ASSIGNMENT:
Take the line containing "Dette tæppe fra" and every line after it to the end of the material below; reproduce them exactly, without pictures.

PROVIDED DATA:
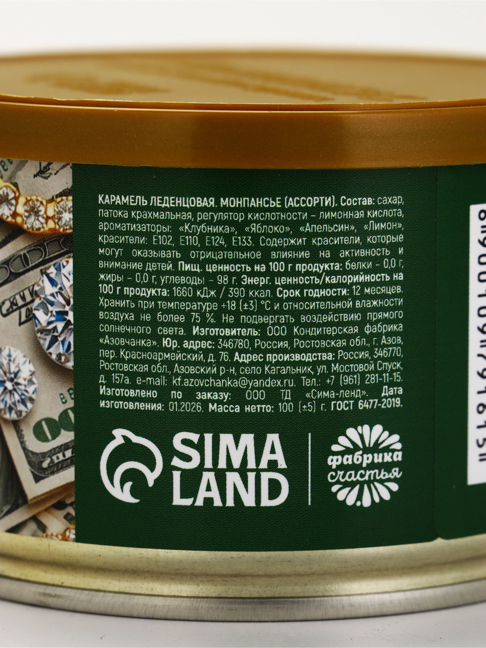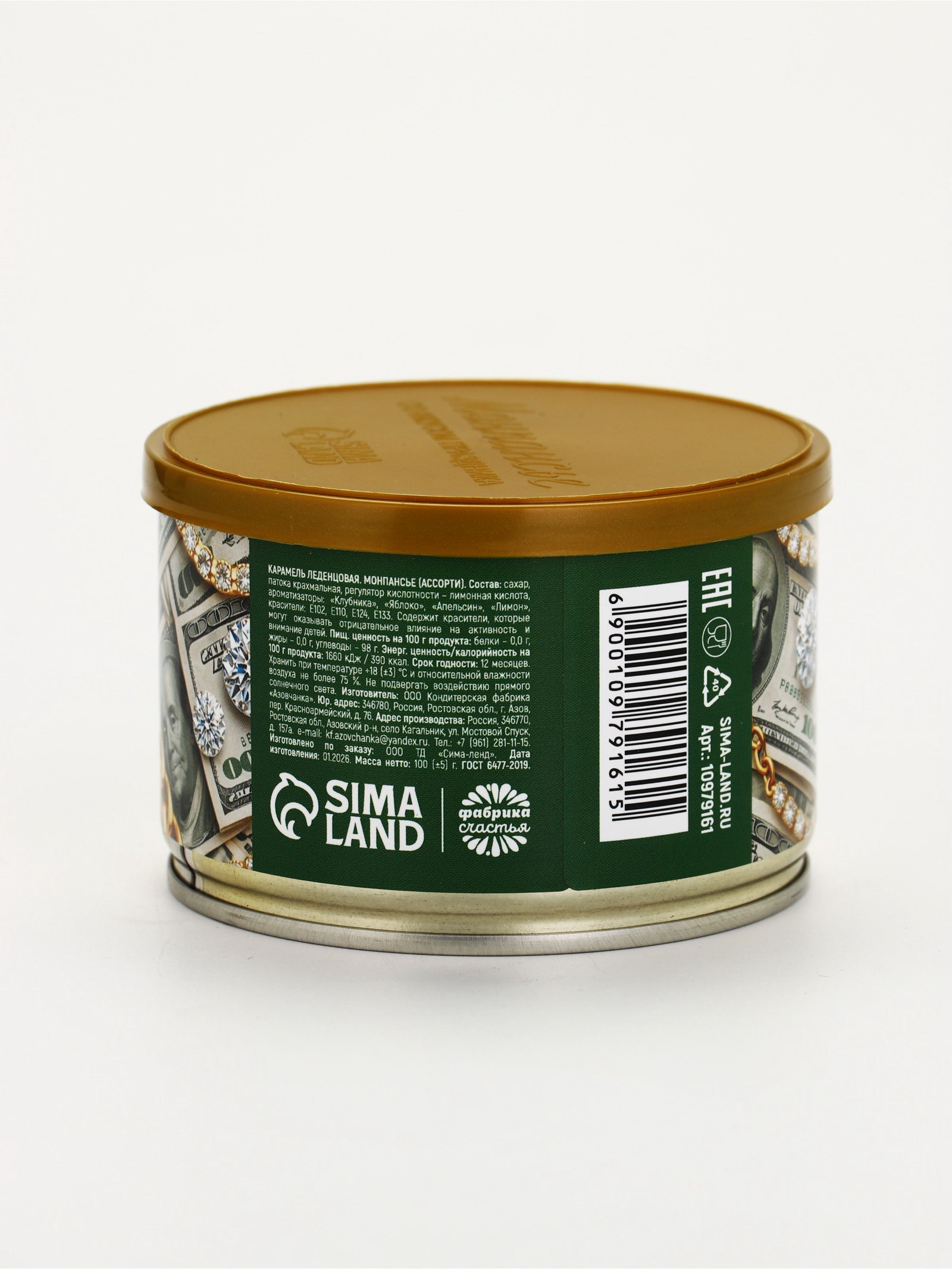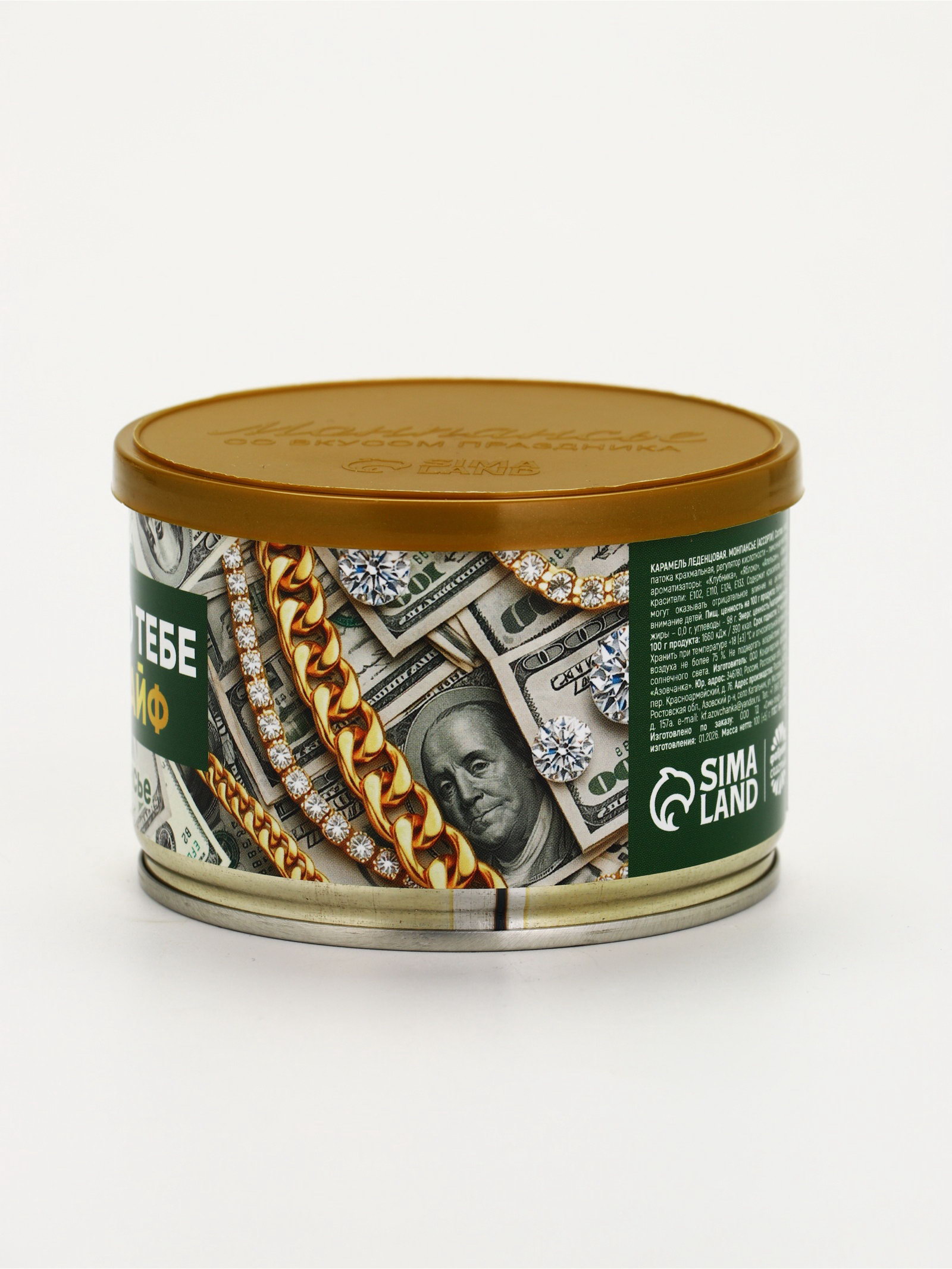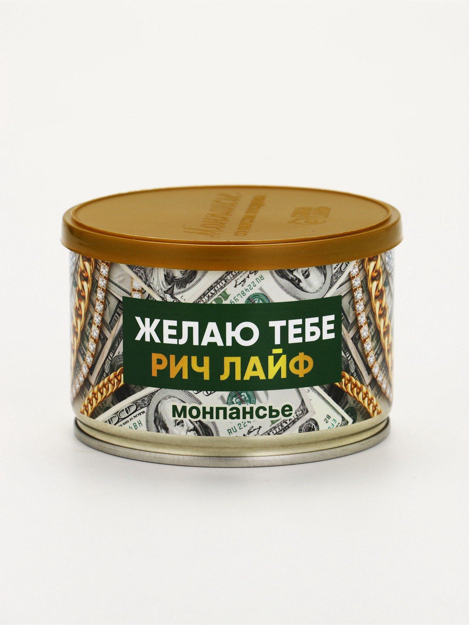 Монпансье в консервной банке "Желаю тебе рич лайф", 100 г, Фабрика счастья, Россия
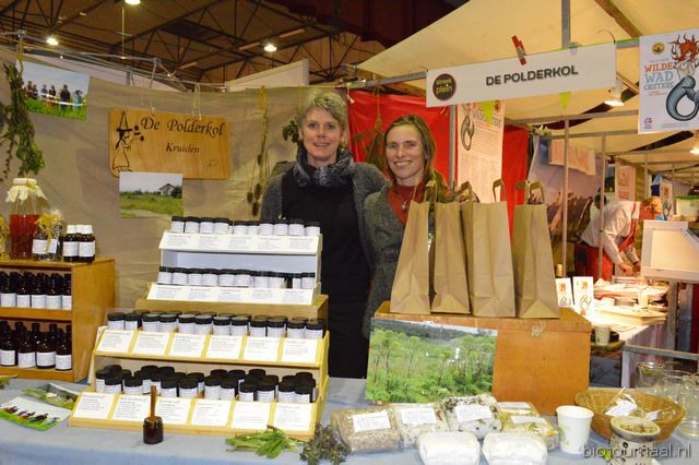 Linda Ekelschot en Marlies Engels van Polderkol brachten een ruim assortiment kruiden mee naar de beurs.
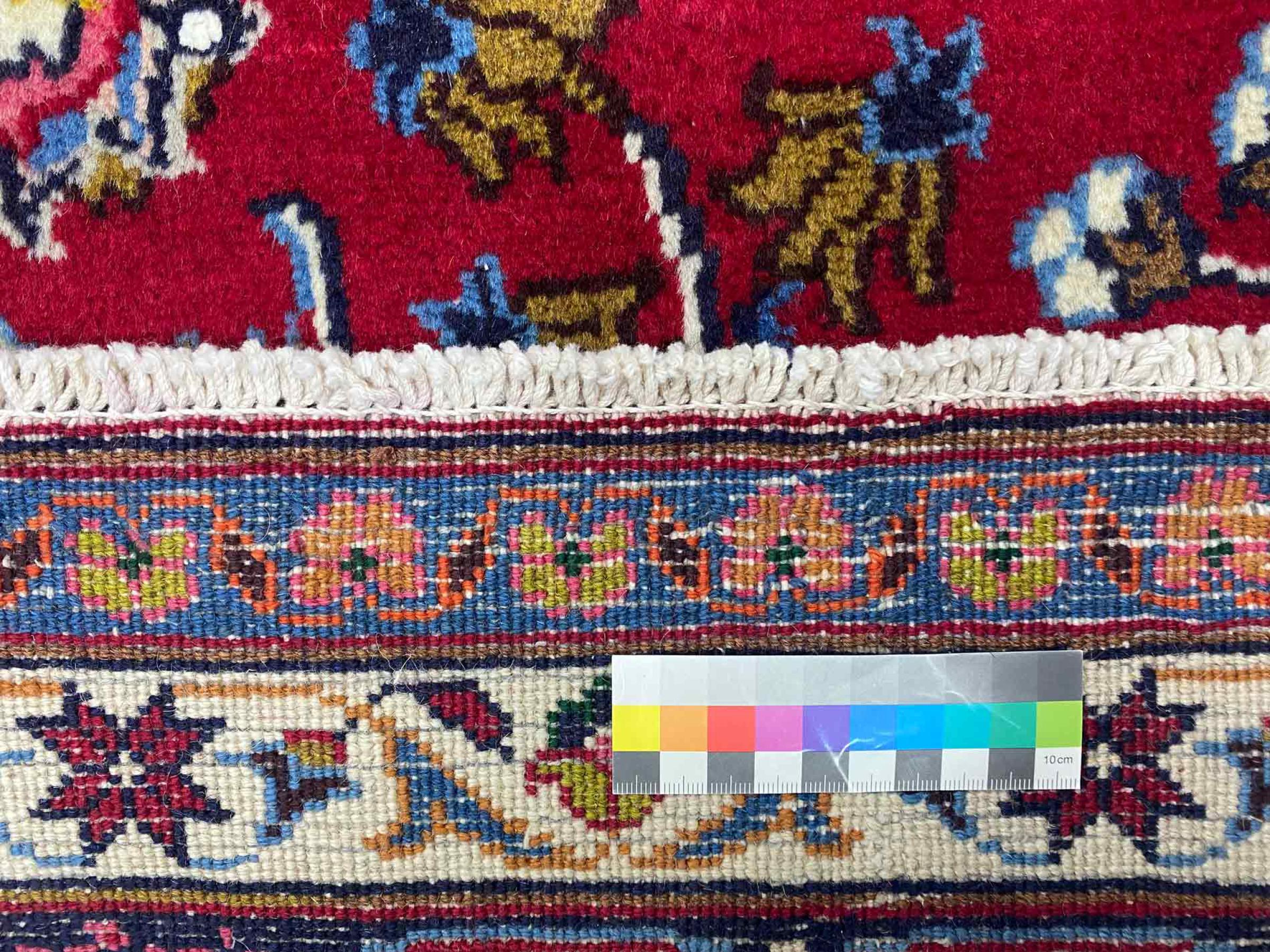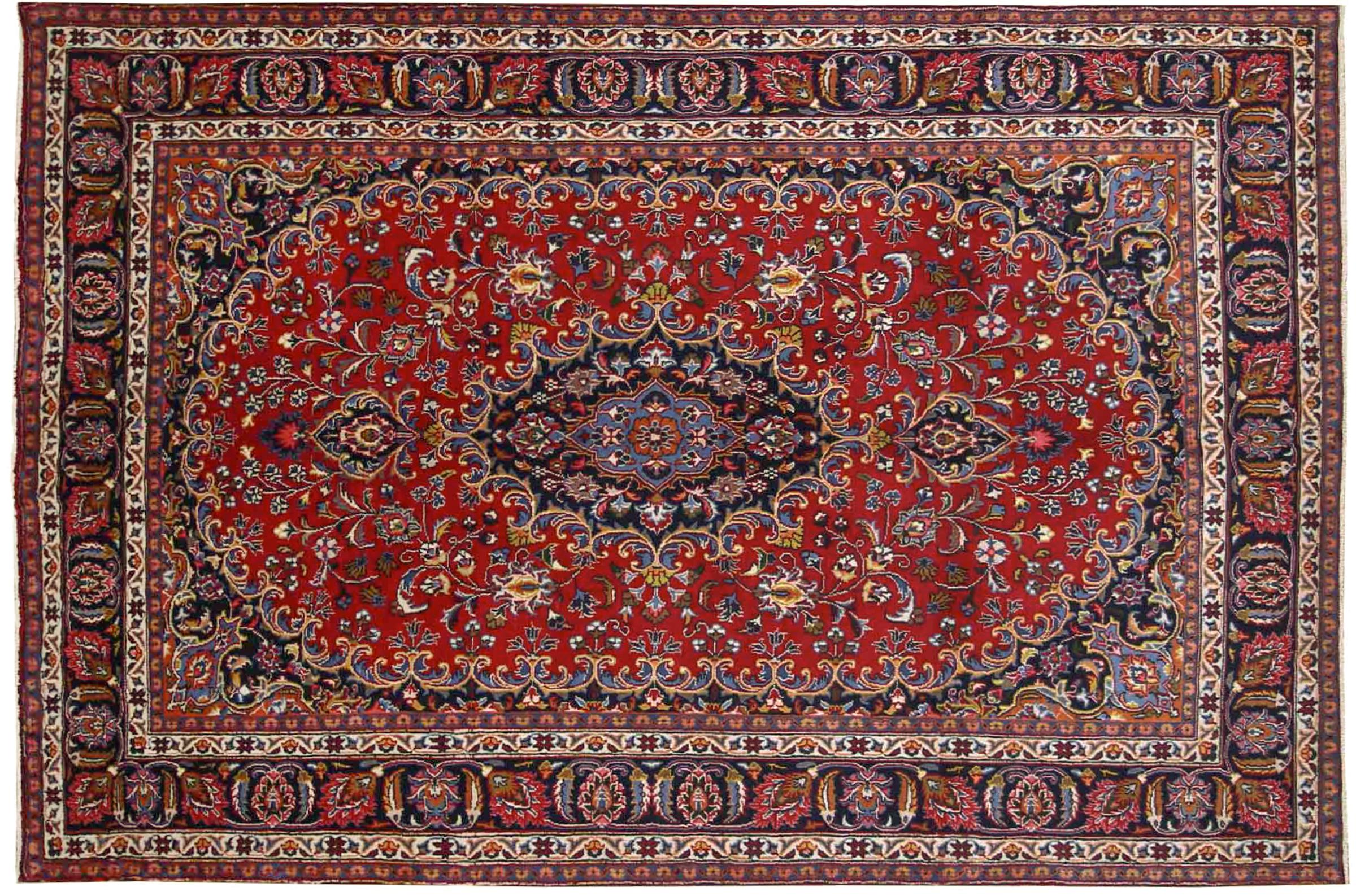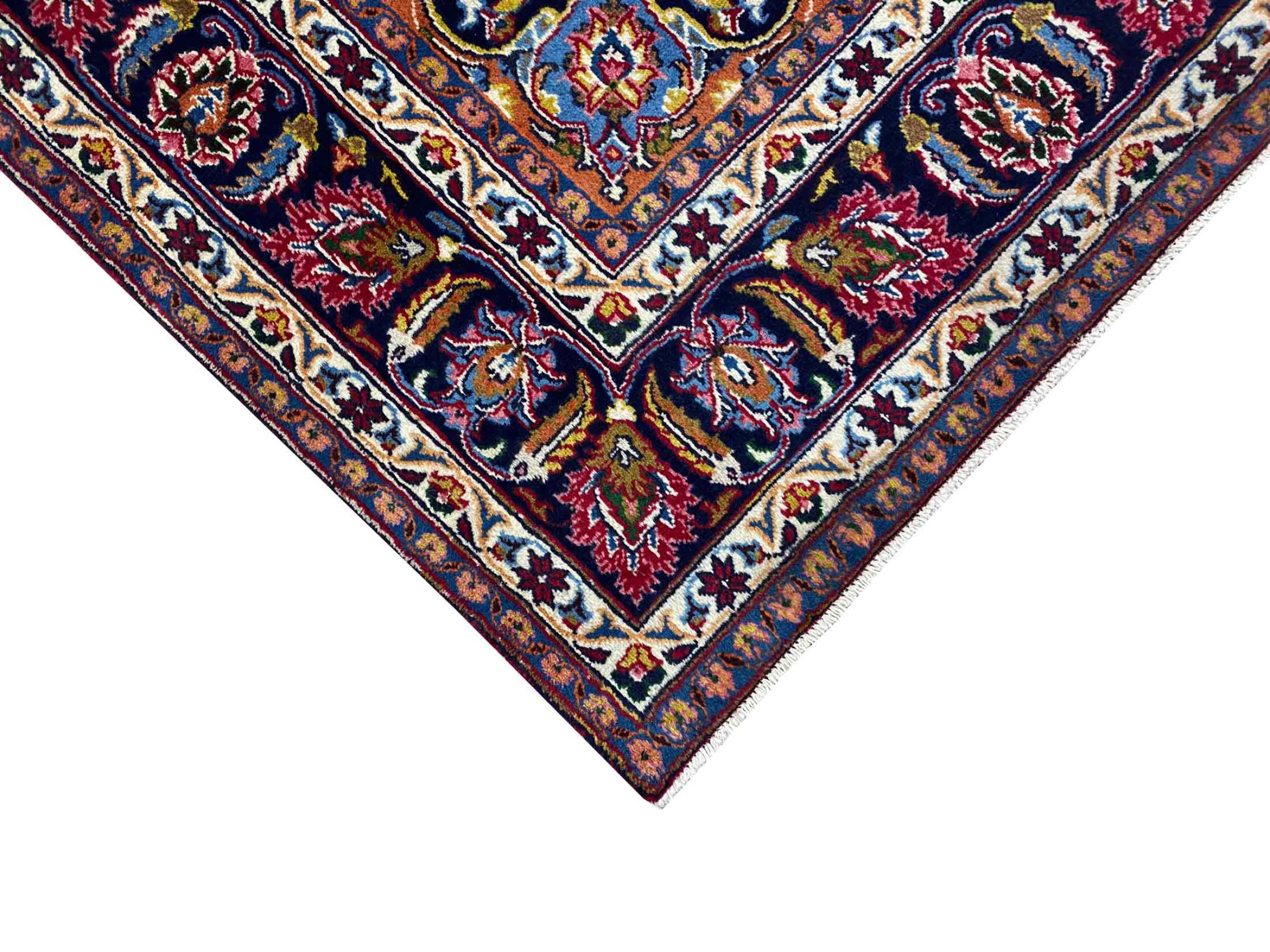 Dette tæppe fra Mashhad, en af de største byer i Iran, er håndknyttet af ren naturuld. Millioner af mennesker valfarter hvert år til denne hellige persiske by. Mashhad-tæpper er kendt for deres usædvanlige størrelser og uld af ekstremt høj kvalitet.
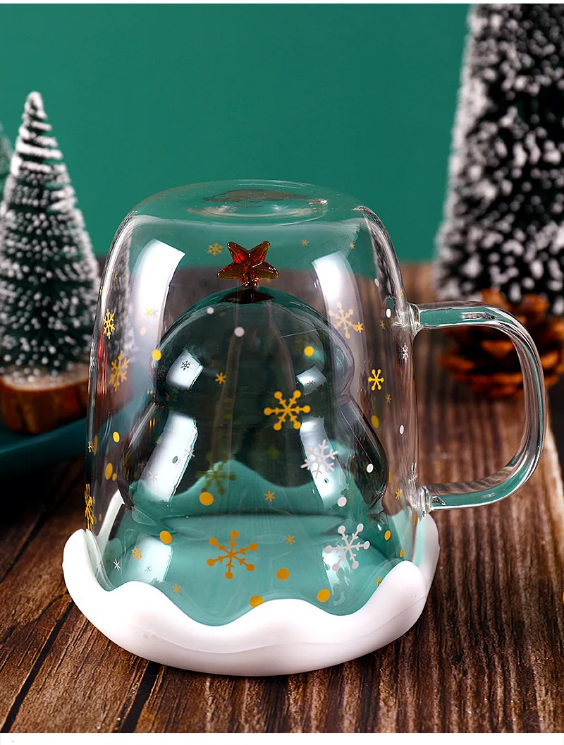 Креативные 3D прозрачные двойные антиобжигающие стеклянные чашки с рождественской елкой и звездой кофейные кружки чашка с молочным соком Детский Рождественский подарок

RESPONSE:
 Dette tæppe fra Mashhad, en af de største byer i Iran, er håndknyttet af ren naturuld. Millioner af mennesker valfarter hvert år til denne hellige persiske by. Mashhad-tæpper er kendt for deres usædvanlige størrelser og uld af ekstremt høj kvalitet.
 Креативные 3D прозрачные двойные антиобжигающие стеклянные чашки с рождественской елкой и звездой кофейные кружки чашка с молочным соком Детский Рождественский подарок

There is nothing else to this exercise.